#### DIRECTIONS FOR THIS TASK
Once the line with "在【書櫥】頁面 ,點擊【外觀設(shè)置】進入" is found in the data, output it and each following line exactly, up to and including the line with "Bedecked in her", and nothing before or after.

Saved entries
◇ ◇ ◇

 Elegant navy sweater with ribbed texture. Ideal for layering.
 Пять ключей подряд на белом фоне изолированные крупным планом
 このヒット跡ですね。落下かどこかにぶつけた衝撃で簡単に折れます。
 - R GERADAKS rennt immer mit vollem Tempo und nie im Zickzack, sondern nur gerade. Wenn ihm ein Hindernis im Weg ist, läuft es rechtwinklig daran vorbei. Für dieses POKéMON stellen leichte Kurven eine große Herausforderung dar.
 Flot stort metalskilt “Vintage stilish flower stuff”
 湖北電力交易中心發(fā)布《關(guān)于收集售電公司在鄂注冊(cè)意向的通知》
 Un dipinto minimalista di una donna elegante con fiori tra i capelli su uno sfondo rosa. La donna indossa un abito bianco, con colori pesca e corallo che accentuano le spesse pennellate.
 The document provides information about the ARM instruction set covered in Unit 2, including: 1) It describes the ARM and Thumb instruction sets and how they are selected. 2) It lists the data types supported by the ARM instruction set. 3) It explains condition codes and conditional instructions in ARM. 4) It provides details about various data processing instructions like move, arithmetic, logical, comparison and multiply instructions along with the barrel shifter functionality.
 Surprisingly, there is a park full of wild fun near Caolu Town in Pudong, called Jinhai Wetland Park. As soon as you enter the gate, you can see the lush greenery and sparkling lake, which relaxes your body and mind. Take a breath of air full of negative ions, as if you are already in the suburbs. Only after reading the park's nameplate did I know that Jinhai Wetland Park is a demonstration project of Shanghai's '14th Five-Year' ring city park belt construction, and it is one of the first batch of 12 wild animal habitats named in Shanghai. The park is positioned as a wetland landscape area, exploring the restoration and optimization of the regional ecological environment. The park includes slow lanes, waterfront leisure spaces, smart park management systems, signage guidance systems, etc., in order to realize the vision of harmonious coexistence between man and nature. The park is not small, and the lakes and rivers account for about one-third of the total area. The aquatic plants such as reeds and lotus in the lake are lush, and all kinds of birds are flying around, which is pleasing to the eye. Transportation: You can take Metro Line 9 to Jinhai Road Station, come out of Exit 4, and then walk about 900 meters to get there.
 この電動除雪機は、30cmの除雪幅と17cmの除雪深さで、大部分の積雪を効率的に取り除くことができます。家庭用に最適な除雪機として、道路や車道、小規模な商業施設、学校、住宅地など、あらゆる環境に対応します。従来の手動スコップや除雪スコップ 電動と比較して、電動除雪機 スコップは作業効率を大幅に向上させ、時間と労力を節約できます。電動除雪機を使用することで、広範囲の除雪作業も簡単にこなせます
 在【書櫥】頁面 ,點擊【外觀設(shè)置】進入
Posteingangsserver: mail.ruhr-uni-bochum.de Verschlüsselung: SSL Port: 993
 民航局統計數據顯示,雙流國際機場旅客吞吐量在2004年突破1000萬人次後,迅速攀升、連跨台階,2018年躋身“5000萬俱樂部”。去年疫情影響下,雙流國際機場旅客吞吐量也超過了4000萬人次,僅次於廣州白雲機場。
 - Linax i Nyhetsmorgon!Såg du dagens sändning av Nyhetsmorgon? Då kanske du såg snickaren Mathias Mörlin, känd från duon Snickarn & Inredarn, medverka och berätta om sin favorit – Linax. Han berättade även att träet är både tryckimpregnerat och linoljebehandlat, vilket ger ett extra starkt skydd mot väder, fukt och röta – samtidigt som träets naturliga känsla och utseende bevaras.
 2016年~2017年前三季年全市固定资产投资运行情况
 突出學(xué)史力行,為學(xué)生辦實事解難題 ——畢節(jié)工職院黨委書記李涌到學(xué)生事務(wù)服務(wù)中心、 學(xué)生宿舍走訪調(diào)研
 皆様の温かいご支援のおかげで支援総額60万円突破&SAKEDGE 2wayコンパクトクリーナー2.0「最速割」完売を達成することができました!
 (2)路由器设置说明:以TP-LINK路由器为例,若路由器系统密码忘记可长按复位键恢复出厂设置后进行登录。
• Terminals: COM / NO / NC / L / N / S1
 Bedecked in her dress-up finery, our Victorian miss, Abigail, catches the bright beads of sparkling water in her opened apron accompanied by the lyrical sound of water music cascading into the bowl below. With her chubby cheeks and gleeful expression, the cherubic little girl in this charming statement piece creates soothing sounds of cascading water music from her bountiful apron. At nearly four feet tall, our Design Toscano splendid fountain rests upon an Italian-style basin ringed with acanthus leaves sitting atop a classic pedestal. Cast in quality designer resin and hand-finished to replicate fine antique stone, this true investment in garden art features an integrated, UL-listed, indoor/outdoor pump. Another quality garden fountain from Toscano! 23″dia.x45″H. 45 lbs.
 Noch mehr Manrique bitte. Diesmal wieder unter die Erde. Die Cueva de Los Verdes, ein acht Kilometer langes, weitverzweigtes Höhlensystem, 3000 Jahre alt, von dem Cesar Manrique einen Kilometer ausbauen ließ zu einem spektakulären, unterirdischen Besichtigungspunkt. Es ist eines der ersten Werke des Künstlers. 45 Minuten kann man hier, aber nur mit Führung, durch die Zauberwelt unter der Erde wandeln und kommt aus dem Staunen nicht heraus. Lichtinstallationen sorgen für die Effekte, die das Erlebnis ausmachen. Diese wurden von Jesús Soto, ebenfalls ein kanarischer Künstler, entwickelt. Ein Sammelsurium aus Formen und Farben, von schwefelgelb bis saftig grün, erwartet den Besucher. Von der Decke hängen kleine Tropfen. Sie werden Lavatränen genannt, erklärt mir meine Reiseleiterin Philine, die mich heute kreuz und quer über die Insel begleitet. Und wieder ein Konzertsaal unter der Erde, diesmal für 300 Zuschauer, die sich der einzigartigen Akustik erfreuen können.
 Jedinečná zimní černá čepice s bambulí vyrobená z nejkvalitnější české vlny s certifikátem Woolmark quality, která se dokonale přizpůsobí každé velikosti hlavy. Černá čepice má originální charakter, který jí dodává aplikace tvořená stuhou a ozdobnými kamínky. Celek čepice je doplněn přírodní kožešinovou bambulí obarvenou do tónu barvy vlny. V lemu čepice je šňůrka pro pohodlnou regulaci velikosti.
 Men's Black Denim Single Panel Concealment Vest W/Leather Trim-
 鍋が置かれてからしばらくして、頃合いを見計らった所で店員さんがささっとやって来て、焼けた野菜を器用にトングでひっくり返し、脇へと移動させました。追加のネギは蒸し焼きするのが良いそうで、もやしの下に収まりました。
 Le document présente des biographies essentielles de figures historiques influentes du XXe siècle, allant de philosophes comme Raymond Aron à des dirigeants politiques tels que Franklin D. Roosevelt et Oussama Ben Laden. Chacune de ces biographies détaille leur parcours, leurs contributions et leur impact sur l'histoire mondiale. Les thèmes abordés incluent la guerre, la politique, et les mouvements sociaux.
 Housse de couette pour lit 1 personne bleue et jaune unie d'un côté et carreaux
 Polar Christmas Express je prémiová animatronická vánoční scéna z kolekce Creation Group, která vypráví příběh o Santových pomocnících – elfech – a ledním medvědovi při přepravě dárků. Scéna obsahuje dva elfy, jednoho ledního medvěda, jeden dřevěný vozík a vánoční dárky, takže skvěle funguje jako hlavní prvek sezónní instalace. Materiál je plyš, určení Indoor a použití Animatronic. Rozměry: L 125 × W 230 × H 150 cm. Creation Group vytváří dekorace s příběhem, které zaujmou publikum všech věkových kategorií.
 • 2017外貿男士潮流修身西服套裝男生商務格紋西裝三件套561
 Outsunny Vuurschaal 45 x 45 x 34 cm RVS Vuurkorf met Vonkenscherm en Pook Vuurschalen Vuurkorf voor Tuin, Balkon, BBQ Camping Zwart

◇ ◇ ◇

#### TASK ANSWER
 在【書櫥】頁面 ,點擊【外觀設(shè)置】進入
Posteingangsserver: mail.ruhr-uni-bochum.de Verschlüsselung: SSL Port: 993
 民航局統計數據顯示,雙流國際機場旅客吞吐量在2004年突破1000萬人次後,迅速攀升、連跨台階,2018年躋身“5000萬俱樂部”。去年疫情影響下,雙流國際機場旅客吞吐量也超過了4000萬人次,僅次於廣州白雲機場。
 - Linax i Nyhetsmorgon!Såg du dagens sändning av Nyhetsmorgon? Då kanske du såg snickaren Mathias Mörlin, känd från duon Snickarn & Inredarn, medverka och berätta om sin favorit – Linax. Han berättade även att träet är både tryckimpregnerat och linoljebehandlat, vilket ger ett extra starkt skydd mot väder, fukt och röta – samtidigt som träets naturliga känsla och utseende bevaras.
 2016年~2017年前三季年全市固定资产投资运行情况
 突出學(xué)史力行,為學(xué)生辦實事解難題 ——畢節(jié)工職院黨委書記李涌到學(xué)生事務(wù)服務(wù)中心、 學(xué)生宿舍走訪調(diào)研
 皆様の温かいご支援のおかげで支援総額60万円突破&SAKEDGE 2wayコンパクトクリーナー2.0「最速割」完売を達成することができました!
 (2)路由器设置说明:以TP-LINK路由器为例,若路由器系统密码忘记可长按复位键恢复出厂设置后进行登录。
• Terminals: COM / NO / NC / L / N / S1
 Bedecked in her dress-up finery, our Victorian miss, Abigail, catches the bright beads of sparkling water in her opened apron accompanied by the lyrical sound of water music cascading into the bowl below. With her chubby cheeks and gleeful expression, the cherubic little girl in this charming statement piece creates soothing sounds of cascading water music from her bountiful apron. At nearly four feet tall, our Design Toscano splendid fountain rests upon an Italian-style basin ringed with acanthus leaves sitting atop a classic pedestal. Cast in quality designer resin and hand-finished to replicate fine antique stone, this true investment in garden art features an integrated, UL-listed, indoor/outdoor pump. Another quality garden fountain from Toscano! 23″dia.x45″H. 45 lbs.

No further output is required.